Paseos por Yasuní y el río Napo para difundir identidad

Orellana –

Son las 13:00, un sol canicular quema, si se deja la sombra se siente el fogonazo. Las aguas del río Napo han bajado su nivel. Así se aprecia desde el malecón de El Coca. Llega la embarcación y es hora de subir para empezar el recorrido.

Se enciende el motor de la lancha, único sistema de transporte que hay en la zona. Atrás quedan las casas, los edificios y ese puente grande que conecta con otra población.

El río Napo está lleno de leyendas que asustan y sorprenden. Se dice que en el interior habitan seres reales y otros mitológicos, pero es fuente de alimentación porque las nacionalidades que se asientan en su margen se alimentan de sus frutos.

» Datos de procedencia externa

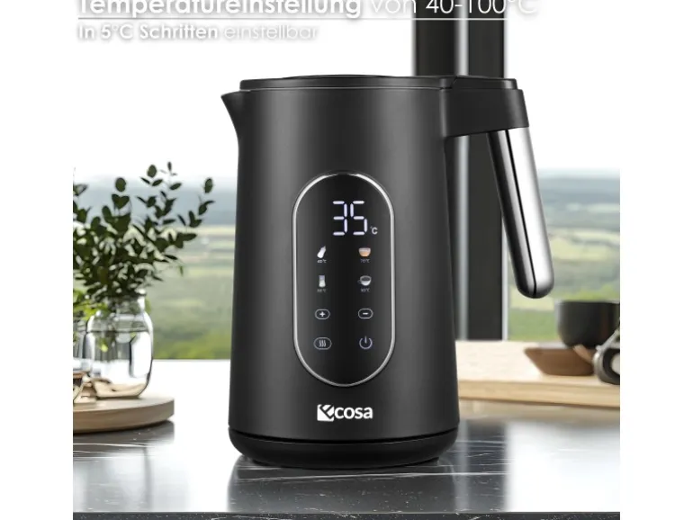Der Wasserkocher bietet fünf Temperatureinstellungen, die auf dem großen Digitaldisplay angezeigt werden. So können Sie die Temperatur präzise für verschiedene Getränke einstellen:
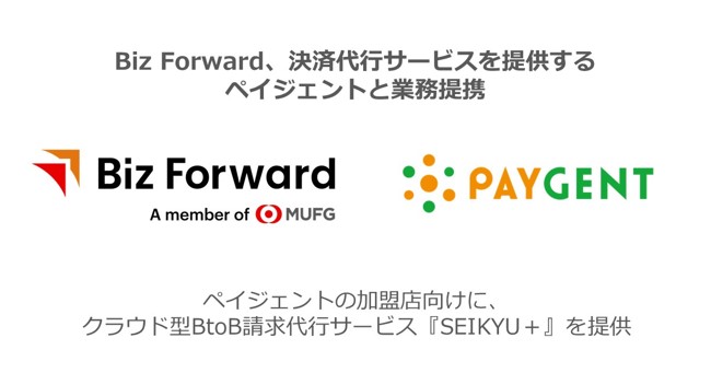 株式会社Biz Forwardは、決済代行サービスを提供する株式会社ペイジェントと業務提携を行いました。本提携によりペイジェントの加盟店向けに、クラウド型BtoB請求代行サービス『SEIKYU+』の提供が可能になります。
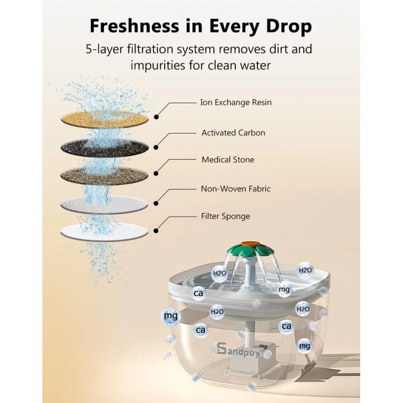 Replaceable Filter: To keep your pet's drinking water clean, we recommend replacing the filter every 2 weeks. Search for "Sandpoy Cat Water Fountain Filter” to purchase the genuine replacement filter
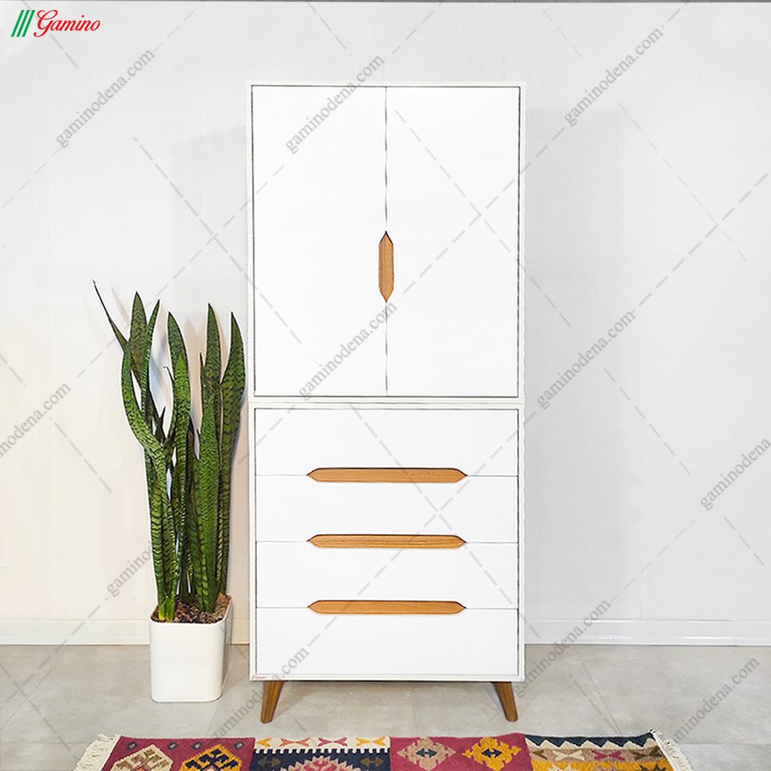 پاسخ: برای ساخت هر کمد از جنس و مواد اولیه مختلفی استفاده می شود، امّا این کمد از جنس ام دی اف با دانسیته بالا تولید می شود. همچنین پایه های کار شده در محصول از بالاترین کیفیت پی. وی سی و. رنگ پلی اورتان، رنگ خورده به سفارش گامی نو دنا ساخته شده است.
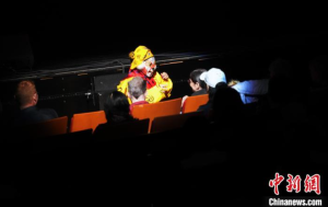 大法语区最大城市蒙特利尔举行。图为扮作孙悟空的演员在表演过程中与台下观众互动
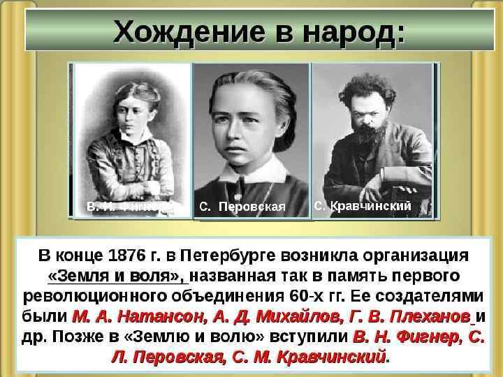 1879 г. раскол «Земли и воли» на «Народная воля» А. И. Желябов С. Л. Перовская «Черный передел» Г. В. Плеханов В. И. Засулич
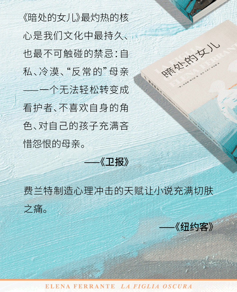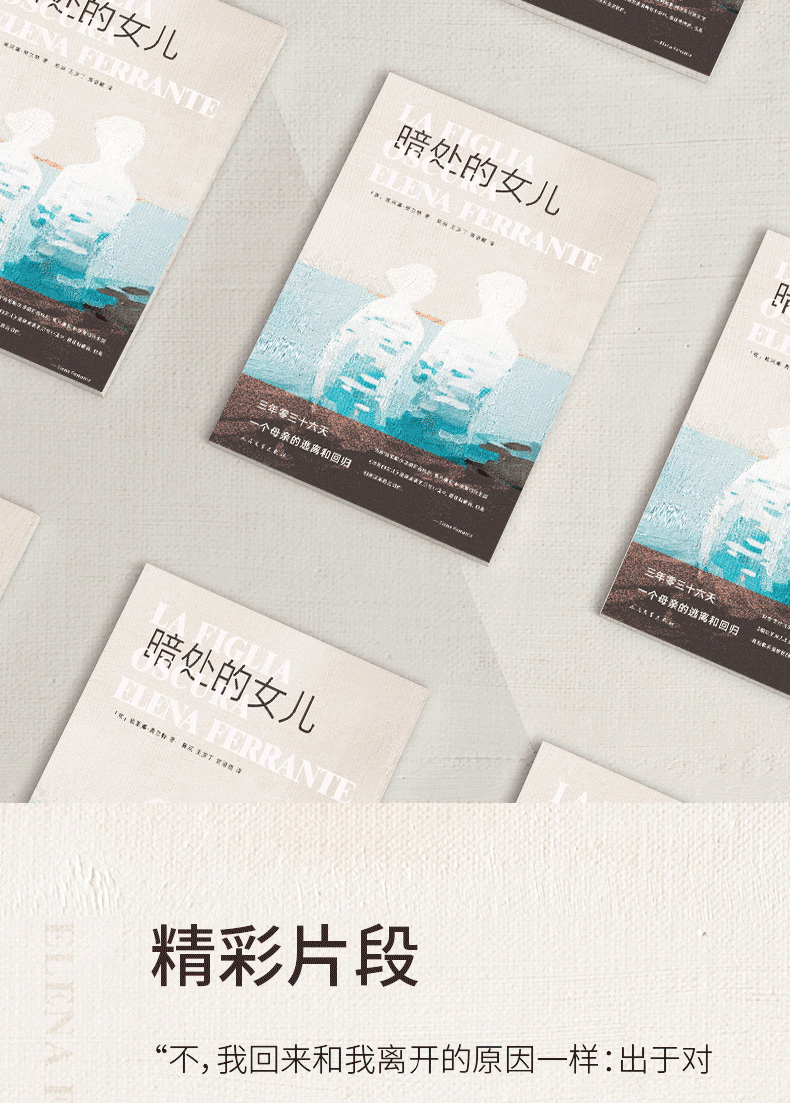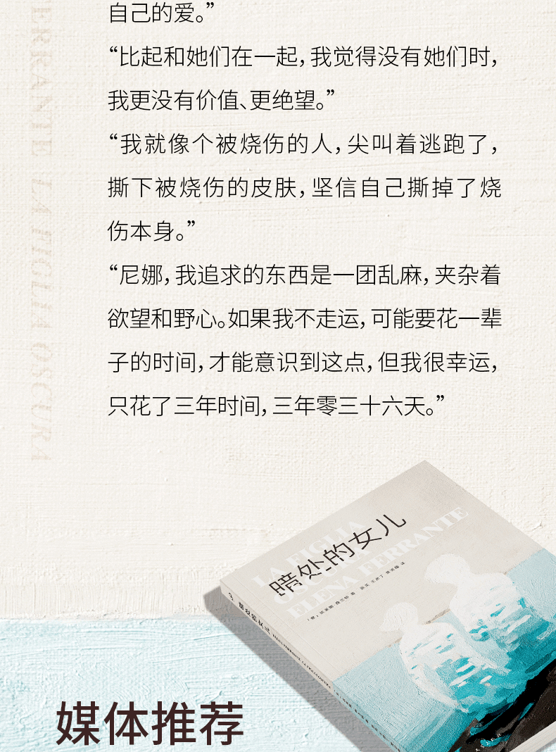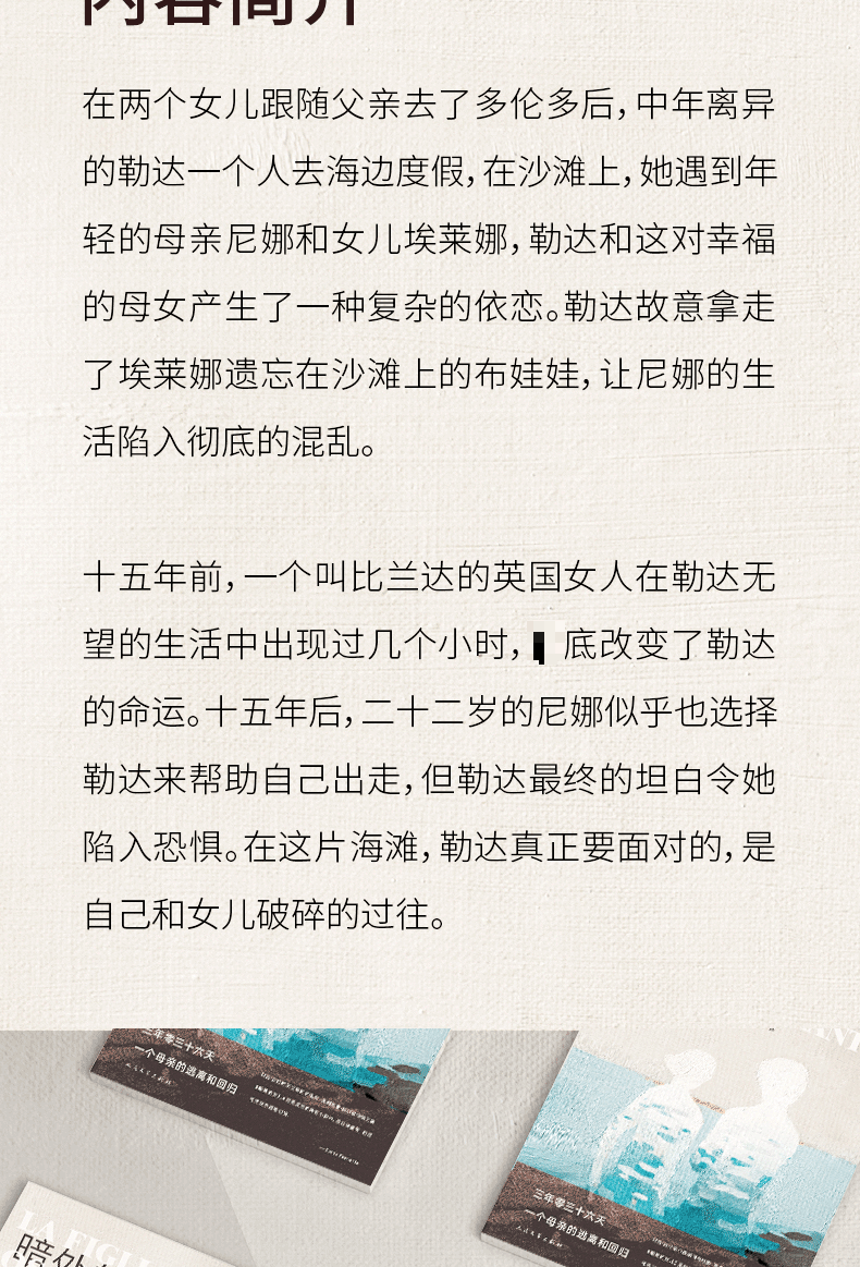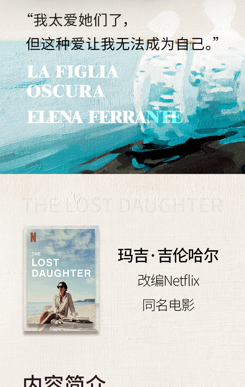 ★ 三年零三十六天 一个母亲的逃离和回归 ★ “我太爱她们了,但这种爱让我无法成为自己。” ★ 书写亲子关系的终极亲密和痛苦 经历了考验、痛彻心扉、活生生的母爱 ★ 如果没有经历这本书痛苦、纠结的写作,我后来也不会写出“那不勒斯四部曲”。——埃莱娜•费兰特 ★ Netflix联合著名导演玛吉•吉伦哈尔打造电影《暗处的女儿》(2021),影后奥利维亚•科尔曼、达科塔•约翰逊领衔主演,三项奥斯卡提名
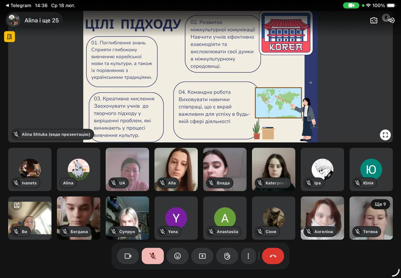 Під час майстер-класу студенти ознайомилися з методикою реалізації міжкультурних проєктів, особливостями інтеграції елементів культури Кореї та України в освітній процес, а також із практичними формами роботи у шкільному просторі.
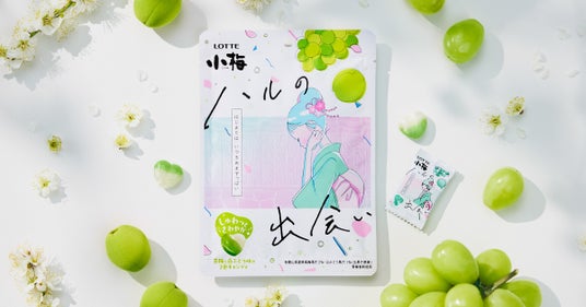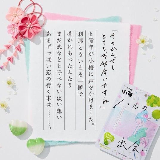 2024年に発売から50周年を迎えた小梅。「小梅 ハルの出会い」は小梅ちゃんの初恋物語のワンシーンを切り取ったパッケージと、そこに吹く春一番をイメージした、あまずっぱいキャンディです。裏面の2次元コードから「小梅の初恋すとおりい」を読むことができます。この小梅を食べながら、初恋物語を読んで、身も心もあまずっぱくなる・・・そんな今までにない新しい体験をぜひお楽しみください。
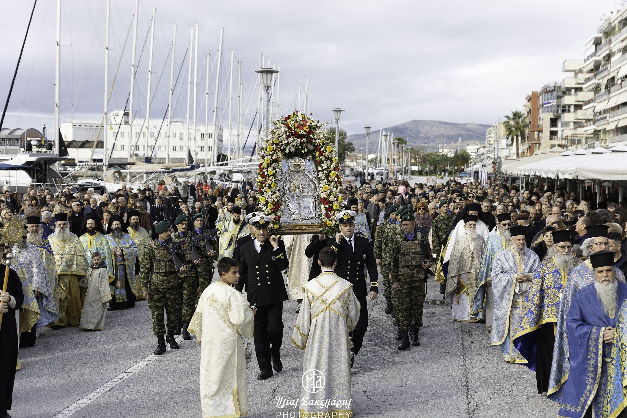 Ακολούθησε η λιτάνευση της Ιεράς Εικόνος και του Ιερού Λειψάνου του Αγίου Νικολάου, καθώς και της Ιεράς Εικόνος της Παναγίας Εικονιστρίας στους δρόμους της πόλης, υπό τους ήχους της Φιλαρμονικής του Δήμου Βόλου, συνοδεία στρατιωτικού αγήματος, όπου τελέστηκε η αρτοκλασία και ο Σεβ. Μητροπολίτης μας κ. Ιγνάτιος απηύθυνε εόρτιο χαιρετισμό. Ευχαρίστησε τον προσκεκλημένο Ιεράρχη για την ευλογητή συμμετοχή του στην πανήγυρή μας· εξήρε την παρουσία της Ιεράς Εικόνος της Παναγίας Εικονιστρίας από την Σκιάθο και απέστειλε τις θερμές του ευχαριστίες στον Σεβ. Μητροπολίτη Χαλκίδος κ. Χρυσόστομο, που έδωσε την άδεια για την μεταφορά της στον τόπο μας. Αναφέρθηκε στους κορυφαίους θεσμούς που λειτουργούν υπό την ευθύνη της Τοπικής μας Εκκλησίας, στον χώρο της Υγείας, με το Άτυπο Δίκτυο Λειτουργών Υγείας, όπου συμμετέχουν δεκάδες σχετικών φορέων, στον χώρο του Πολιτισμού, με την «Μαγνήτων Κιβωτό», που διασώζει και αναδεικνύει το πολιτιστικό απόθεμα της Μαγνησίας και στον χώρο της Θεολογίας και του Διαχριστιανικού Διαλόγου, με την Ακαδημία Θεολογικών Σπουδών. Θύμισε την ενότητα του λαού μας, σε δύσκολες περιόδους, με την καθοριστική συμβολή της Εκκλησίας μας, όπως κατά την μακρά οικονομική κρίση και την εποχή των μεγάλων φυσικών καταστροφών. Ειδική και δυναμική αναφορά έκανε ο Ποιμενάρχης μας στην θάλασσα, που μας περιβάλλει: «έχουμε ενώσει τις δυνάμεις μας, για να διασώσουμε τον όμορφο Παγασητικό κόλπο. Θέλουμε να τον κρατήσουμε ζωντανό και καθαρό και δεν πρέπει να επιτρέψουμε οτιδήποτε θα προκαλέσει μόλυνση και καταστροφή. Αυτό που διακηρύσσεται υπέρ του περιβάλλοντος, πρέπει να τηρείται. Χρειάζονται προληπτικά μέτρα, για να αποτραπεί η μόλυνση της θάλασσας και του ευρύτερου φυσικού περιβάλλοντός μας».
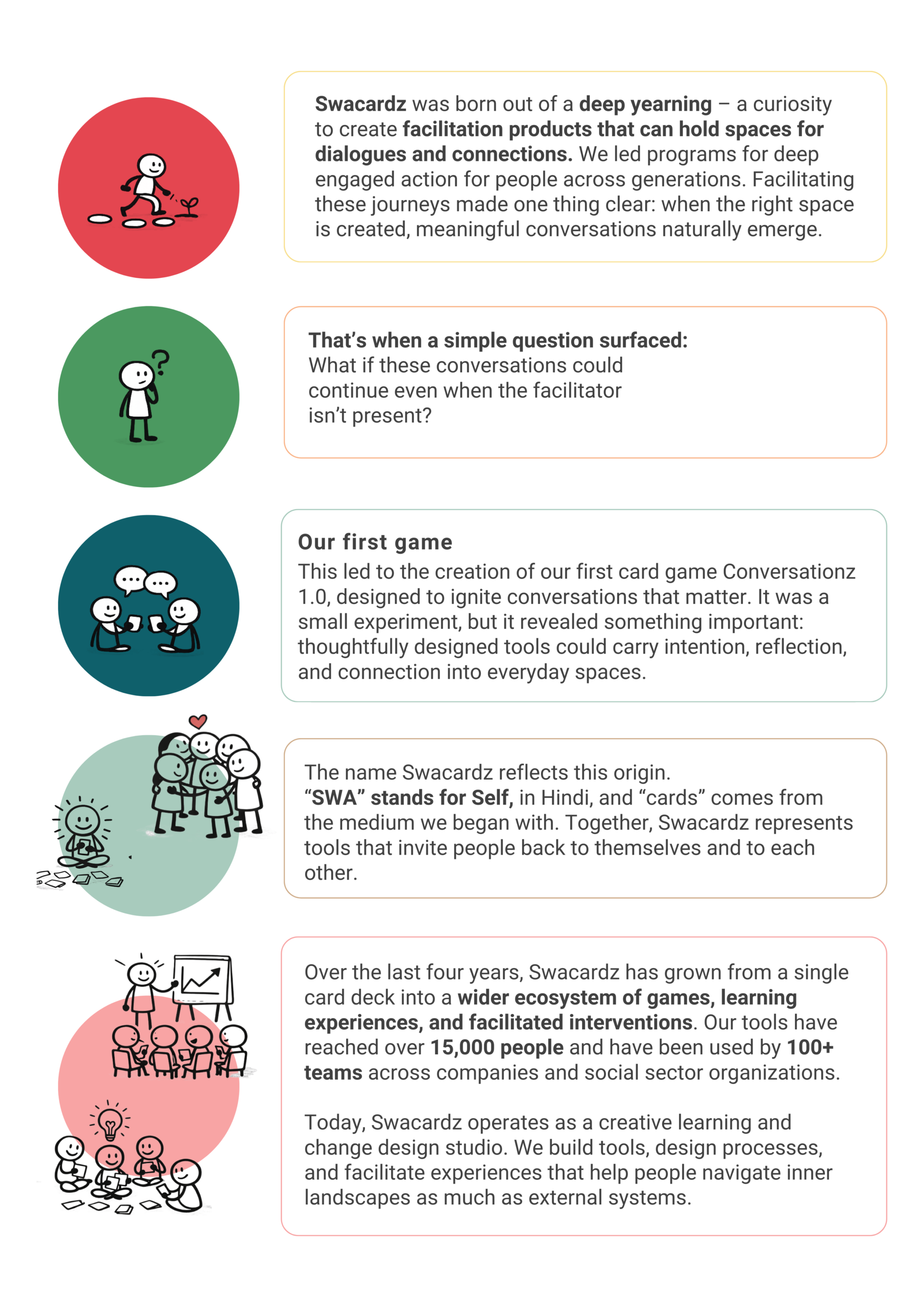 Over the last four years, Swacardz has grown from a single card deck into a wider ecosystem of games, learning experiences, and facilitated interventions. Our tools have reached over 15,000 people and have been used by 50+ teams across companies and social sector organizations.

En una hora de viaje se puede apreciar toda la margen verde de la Amazonía, un largo río color marrón, tupidos árboles, variada flora, también fauna. La paz que se siente es solo interrumpida por la bulla de los motores que empujan la embarcación.

De ahí se ve el cruce de varias gabarras con camiones de combustibles y vehículos pequeños que son transportados en su interior. Más adelante se aprecia un hotel flotante en pleno afluente. Luego el visitante se topa con muelles y pequeños botes construidos por ecuatorianos que viven en la selva. Van dos horas de viaje.

Llegamos a un muelle. Un marino se acerca a pedir los documentos de la embarcación, como parte del control rutinario. Se retoma el recorrido y se toman gráficas para tener recuerdos de la travesía, del colorido de la selva.

El río Napo es grande a lo largo y a sus costados. En la parte media se han formado islas pequeñas con frondosa naturaleza, nido para muchas especies animales y vegetales, que vuelven único al paisaje.

Son tres horas de viaje. Un aguacero en las márgenes de los ríos amazónicos es de cuidado. Empieza el goteo y se bajan las telas de la lona, que sirve de techo del bote.

A los diez minutos desaparece la lluvia y el cielo se abre y vuelve el sol a recobrar su resplandor que quema.

A lo lejos se ve un grupo de lanchas que se sitúan en un muelle, en medio del río, una playa donde juegan unos pequeños con un balón.

Son alrededor de las 17:00 y con voz baja, por el cansancio, un pasajero pregunta a otro si se está por llegar al destino.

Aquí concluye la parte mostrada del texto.